Le moustachu fit avec sa main un geste vague qui, en se maintenant dans l’inachevé, signifiait à la fois « les ordres » et « pas le
droit de répondre ».
— Je comprends, dit Rosa.
Elle fut écrasée par la tristesse. Son visage s’affaissa, ses épaules tombèrent. Les gardes se demandèrent si elle n’allait pas s’éva[6]
nouir.
— Vous avez l’autorisation d’emporter le tableau, dit le chef.
Après un long instant d’étonnement et de réflexion, Rosa se
dressa sur ses pieds. Malgré son mètre soixante, l’agacement la rendait si vive que le plus jeune veilleur de nuit eut un mouvement de
recul.
— Il m’a vu, c’est cela ? glapit-elle. Il m’a vue seule avec la toile ?
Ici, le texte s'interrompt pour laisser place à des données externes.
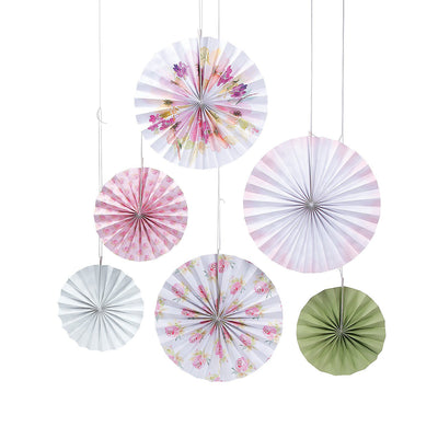 Garden Party Printed Hanging Fans - Party Decor - 6 Pieces
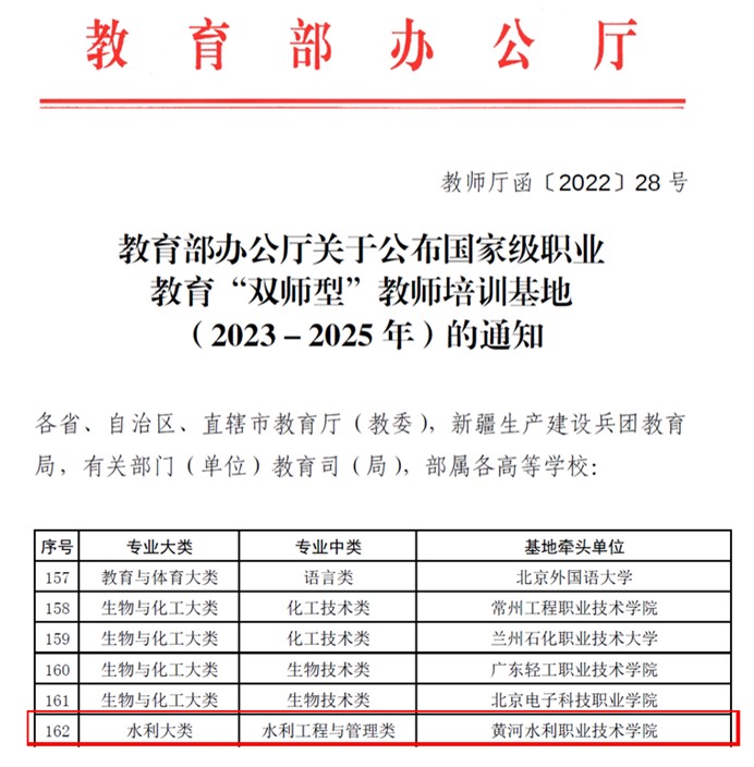 近日,教育部发布了《关于公布国家级职业教育“双师型”教师培训基地(2023-2025年)的通知》(教师厅函〔2022〕28号),我校以水利为优势,在普通本科、职业院校中脱颖而出,成功获批国家级职业教育“双师型”教师培训基地(水利类),全国仅有2所院校获批水利类培训基地。
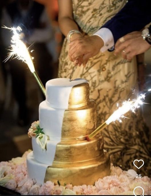 [서울=뉴시스]미니폭죽(스파클러)가 꽂아진 웨딩케이크. 기사 이해를 돕기 위한 사진. (사진출처: SNS 캡처) |
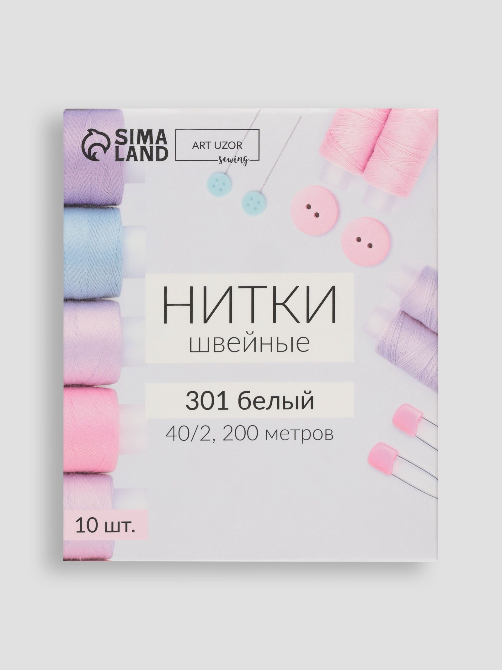 Нитки 40/2, 200 м, белые №301, 1.5x5.8x1.5 см., Арт Узор, Китай
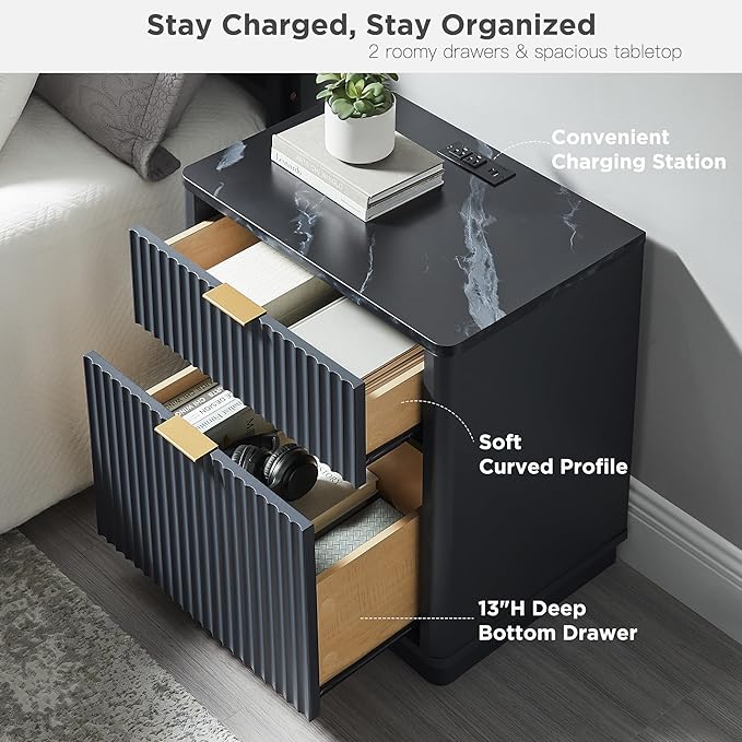 • Modern & Functional Style – Featuring a sleek, curved profile and 2 sliding drawers with a distinctive fluted wave pattern, this nightstand combines minimalist style with practical functionality. Its chic design blends seamlessly with various bedroom aesthetics, from contemporary to mid-century modern, while the rounded edges ensure safety for kids and families.
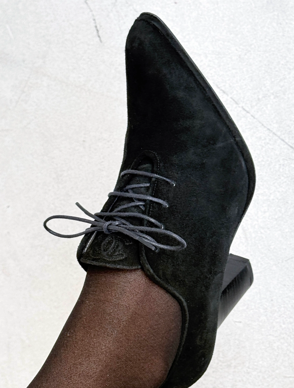Chanel Suede CC Logo Lace-Up Pumps
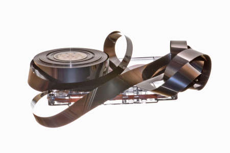 Cassette tape, object isolated on a white background, analog magnetic tape for audio recording, outdated technology
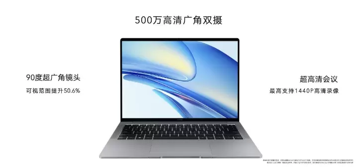 荣耀MagicBook V 14 2022配备500万高清广角双摄,90°大广角让摄像头的可视范围相比传统摄像头提升50.6%,1440P超高清分辨率画面,配合4个高信噪比麦克风,以及4个高低分频扬声器的超高配置,为用户打造出体验非凡的音视频会议系统。
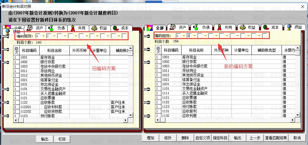 3.进入【新旧会计科目对照】界面,左侧窗口为账套目前的编码方案,右侧窗口可为账套设置的新的编码方案,如将账套第2级科目编码规则定义的2修改为3。
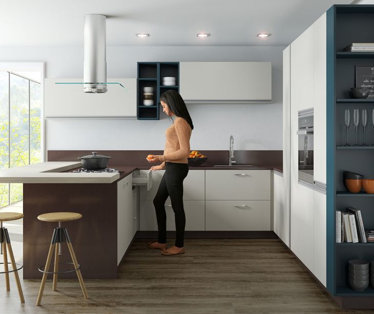 Trilho oculto com extração total, capacidade de carga de até 35kg e amortecimento integrado para fechamento suave. Poss…
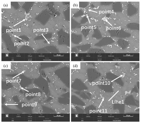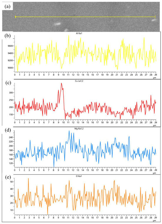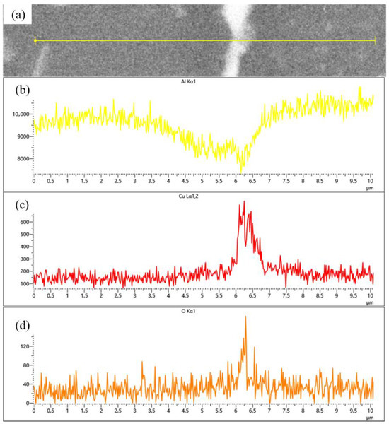 The samples sintered at 560 °C demonstrated significantly enhanced densification compared to those processed at 460 °C, with evident interparticle bonding formation. Compared to the coarse dot-like precipitates observed within the matrix particles at a sintering temperature of 460 °C, distinct needle-like and fine dot-like precipitates have now formed inside the particles, with the size of the dot-like phases significantly reduced. The previously plastically deformed matrix particles exhibited noticeable spheroidization transformation. However, distinct interfaces and voids remained observable, primarily categorized into two types: interfacial voids at ceramic particle/matrix boundaries and triangular voids formed between matrix particles. At the same time, the precipitation morphology underwent substantial transformation, exhibiting continuous precipitates along particle edges (Figure 7a). Elemental distribution analysis revealed more uniform dispersion of Cu and Mg compared to the low-temperature condition, with Cu predominantly enriched in the continuous intergranular precipitates. EDS line scanning confirmed these grain-boundary precipitates as Al-Cu compounds (Figure 8), while slightly elevated oxygen content was detected at particle surfaces. According to the Al-Cu binary phase diagram, these interfacial precipitates were identified as Al-Cu eutectic liquid phase. Additionally, Mn- and Fe-enriched precipitates were observed among particles alongside the Al-Cu eutectic phases.

Il m’a observé en cachette pendant toutes ces heures ?
Elle parcourait la salle à la recherche d’un œil de bœuf. Les gardes la suivaient en cherchant à l’arrêter en douceur.
— Tu es là, Edson ? Tu te caches et tu observes, c’est cela ? Comme quand tu étais petit ?
Elle fit un pas dans le couloir aux portraits.
— Edson ! La porte est toujours ouverte. Mais je ne viendrais
plus te chercher.
Ses accompagnateurs, désarçonnés, cherchaient le chaînon
manquant entre le coup et la remontrance polie. Ils la saisirent et
la mirent dans l’ascenseur, qu’elle inonda de larmes. Elle laissa une
traînée de gouttes amères et salées dans le hall. Elle pleura en marchant, elle pleura chez la cousine Flora, elle pleura dans le bus, elle
pleura dans la calèche, elle pleura dans la charrette, elle pleura en
grimpant la côte. Ce n’est qu’en contemplant de nouveau l’horizon
familier du plateau que son cœur laissa filer un incommensurable
soupir et que se tarirent cinq jours de larmes ininterrompues. Le
vent d’altitude ébouriffa ses cheveux. Elle se moucha et s’essuya le
visage. En poussant la porte de son logis, elle trouva sa fille attablée
devant un verre de lait frais.
— Alors ? demanda Elisa.
Rosa eut un sourire mi-triste, mi-victorieux.
— Cela s’est passé exactement comme dans mon rêve.